[Date Prev][Date Next][Thread Prev][Thread Next][Date Index][Thread Index]

Re: Encodings.

This page is part of the web mail archives of SRFI 52 from before July 7th, 2015. The new archives for SRFI 52 contain all messages, not just those from before July 7th, 2015.



Paul Schlie wrote:
> Just a nit, but a text file is a binary file ....

No, that is not true on all systems. There are systems where you simply
cannot access a text file as a "binary file" (a stream of bytes).

> More sophisticated indexed record file structures supported by some
> os's are themselves not much more than an intermediate primitive
> indexed data base built on top of plan old files composed of disk
> sectors, often with the knowledge of the storage systems blocking
> architecture for efficiency; but the general rule remains, you get out
> literally what you put in, as otherwise they wouldn't be very useful.

Yes, you get out what you put in. However, when a system provides no
"binary mode" or "stream mode" for text files, there is no way to
implement a text port in terms of a binary port.

To put it another way, a "binary file" is just a specific way of
organizing data on disk, designed so that you can access individual
bytes or words as a stream or in random order. UNIX systems store text
files that way, such that binary files and text files are actually the
same thing. On that kind of system, you can implement text ports on top
of binary ports.

But some systems do not store text files that way. There simply are no
operating system primitives to access them as a stream of bytes, and it
would not make sense to implement text ports in terms of binary ports.
That's why C has separate text and binary I/O modes. On UNIX-like,
ASCII-based systems, the two modes are identical, because "transforming"
binary data to text is a no-op. On DOS-like systems, text mode is
implemented as a filter on top of binary mode, like you suggest. (That's
also how it works on UNIX-like systems that use multibyte character
sets.) But on systems where text and binary data are fundamentally
different, the two I/O modes are independent.

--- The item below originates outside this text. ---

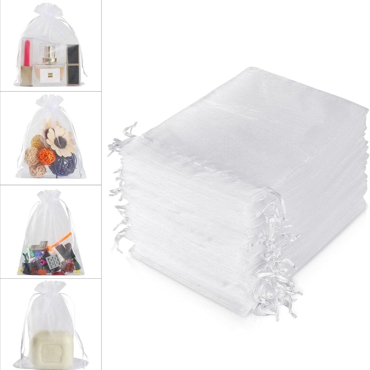 【高品質材質】良質な透明欧根糸から作られ、外側と両側の縫い目が非常によく縫製されている。リボンは滑らかにスライドして袋を閉じ、安全に閉じられるようにすることができます。丈夫で長持ちする。
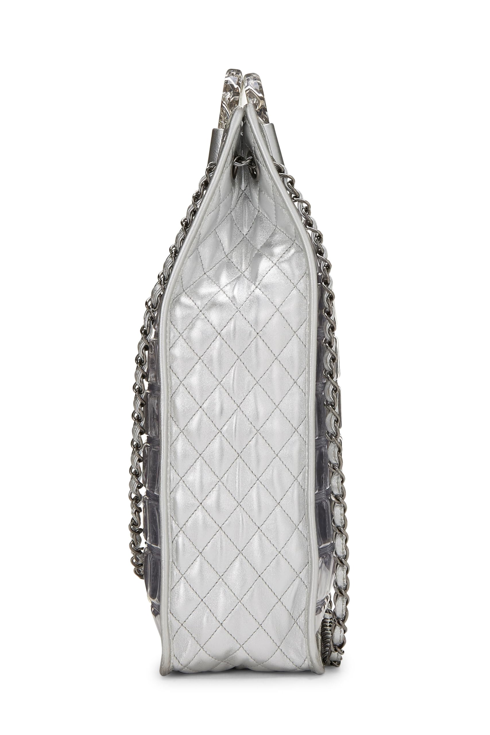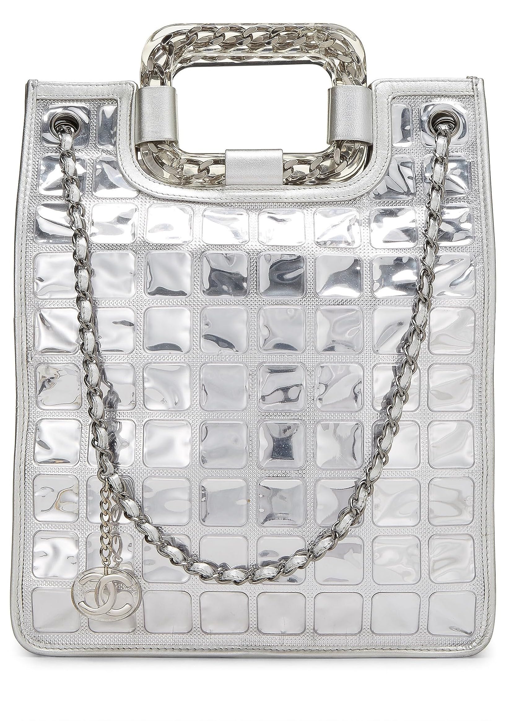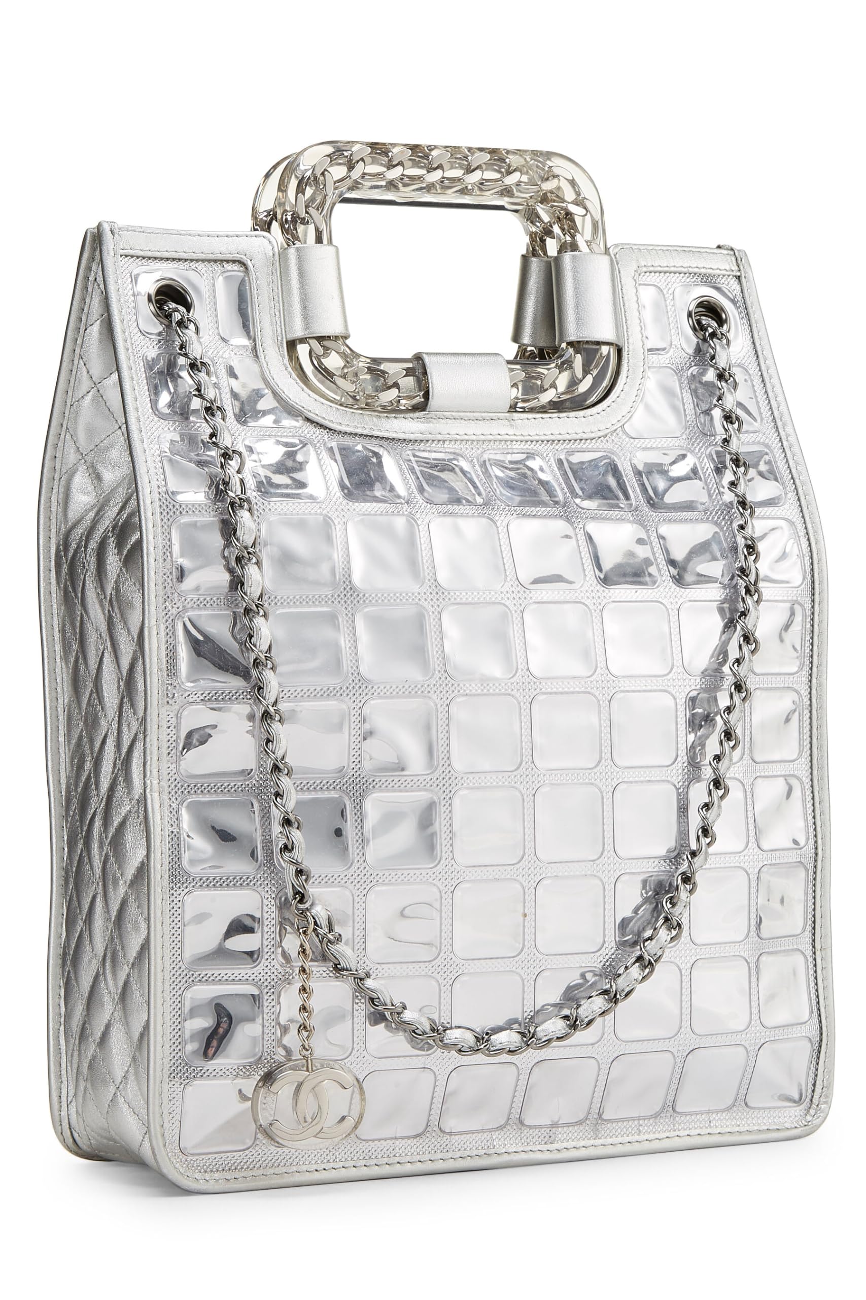 Chanel, Metallic Silver Quilted Leather Ice Cube Shopping Tote, Silver

While they're both ultimately bits on a spinning magnet, the interface
to those bits is often very different depending on the type of data. At
one time, the UNIX-like systems were the exception, not the rule. Now
it's the other way around, but the byte-stream model is still not
universal. Unless you really want to limit all I/O to that model
(i.e., make it impossible to implement Scheme on some systems), you
cannot design the system so that text I/O is a stream layer atop binary
I/O.
-- 
Bradd W. Szonye
http://www.szonye.com/bradd